[SUPPLIED MATERIAL Boundary: Start]

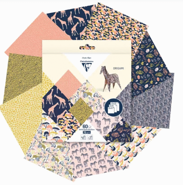 60 דפי אוריגמי 3 גדלים איורי ספארי- Clairefontaine
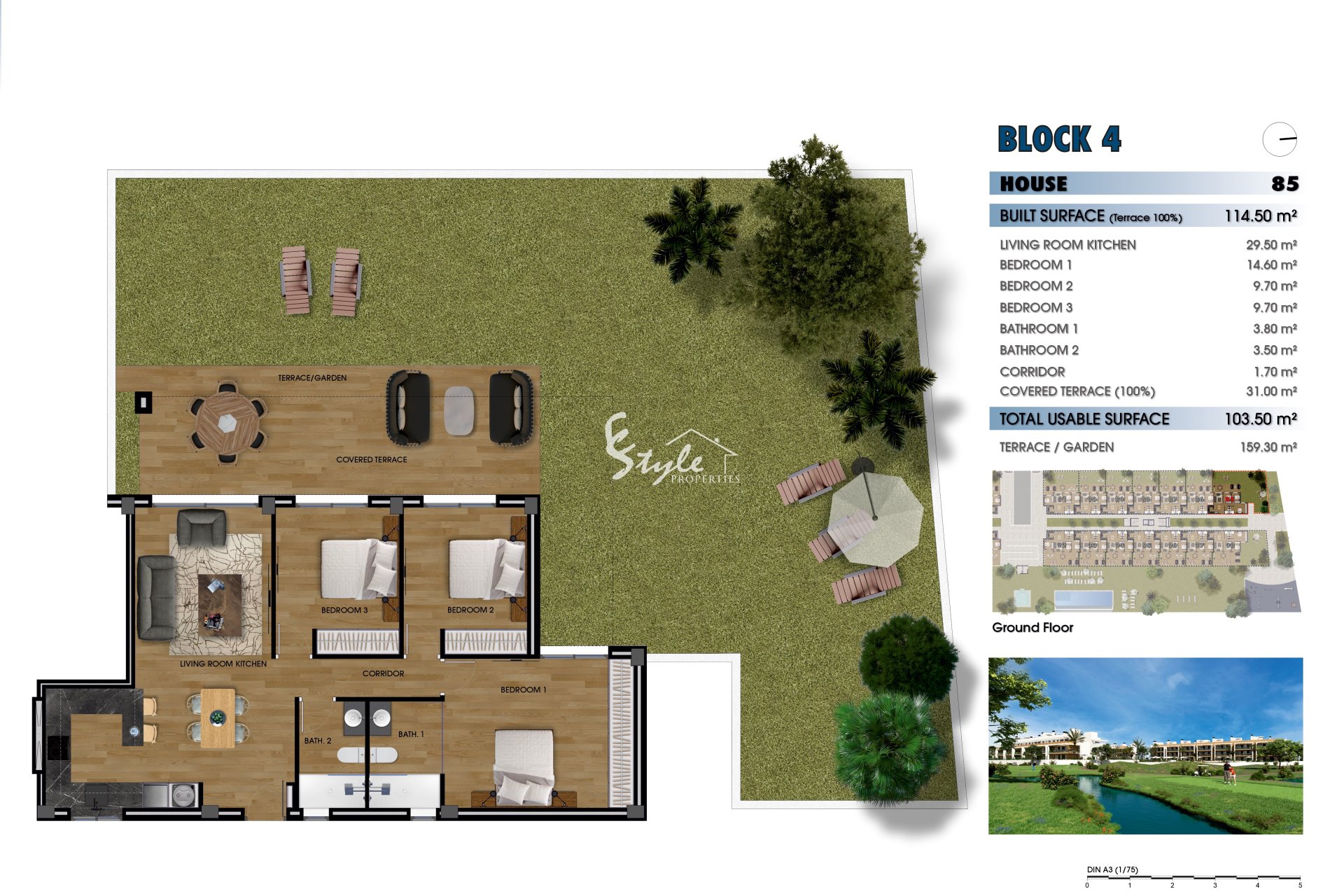 Экстерьеры этих домов спроектированы для обеспечения непревзойденного образа жизни на открытом воздухе. Каждая собственность имеет террасу, идеально подходящую для наслаждения видами и средиземноморским климатом. Кроме того, некоторые типы включают частный солярий, идеально подходящий для отдыха на солнце. Дома на первом этаже имеют частные сады, предоставляя личное зеленое пространство для отдыха с семьей или друзьями. Для тех, кто ищет дополнительную роскошь, некоторые объекты имеют частный бассейн, предлагая личный оазис для освежения в жаркие летние дни.
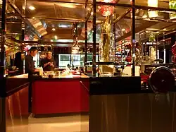 The decor of the restaurant has been described as "contemporary chic featuring lush red velvet seating complemented by dark wood furniture."[1] Like the Tokyo restaurant, L'Atelier de Joël Robuchon of Hong Kong is divided into two areas – L'Atelier and Le Jardin.[2] The seats of L'Atelier are in a square around the open kitchen, in a manner similar to a sushi restaurant.[3] The restaurant has an extensive wine collection, and was awarded the Wine Spectator's "Grand Award" in 2010.[1] As of 2020, there are eight L'Atelier de Joël Robuchon restaurants around the world.[4]

[SUPPLIED MATERIAL Boundary: End]

* **ABOUT THIS EXERCISE**
The final stretch of the data, from the line with "Экстерьеры этих домов" through its last line, is to be retyped exactly; pictures are not part of the copy.

* **ANSWER SECTION**
 Экстерьеры этих домов спроектированы для обеспечения непревзойденного образа жизни на открытом воздухе. Каждая собственность имеет террасу, идеально подходящую для наслаждения видами и средиземноморским климатом. Кроме того, некоторые типы включают частный солярий, идеально подходящий для отдыха на солнце. Дома на первом этаже имеют частные сады, предоставляя личное зеленое пространство для отдыха с семьей или друзьями. Для тех, кто ищет дополнительную роскошь, некоторые объекты имеют частный бассейн, предлагая личный оазис для освежения в жаркие летние дни.
 The decor of the restaurant has been described as "contemporary chic featuring lush red velvet seating complemented by dark wood furniture."[1] Like the Tokyo restaurant, L'Atelier de Joël Robuchon of Hong Kong is divided into two areas – L'Atelier and Le Jardin.[2] The seats of L'Atelier are in a square around the open kitchen, in a manner similar to a sushi restaurant.[3] The restaurant has an extensive wine collection, and was awarded the Wine Spectator's "Grand Award" in 2010.[1] As of 2020, there are eight L'Atelier de Joël Robuchon restaurants around the world.[4]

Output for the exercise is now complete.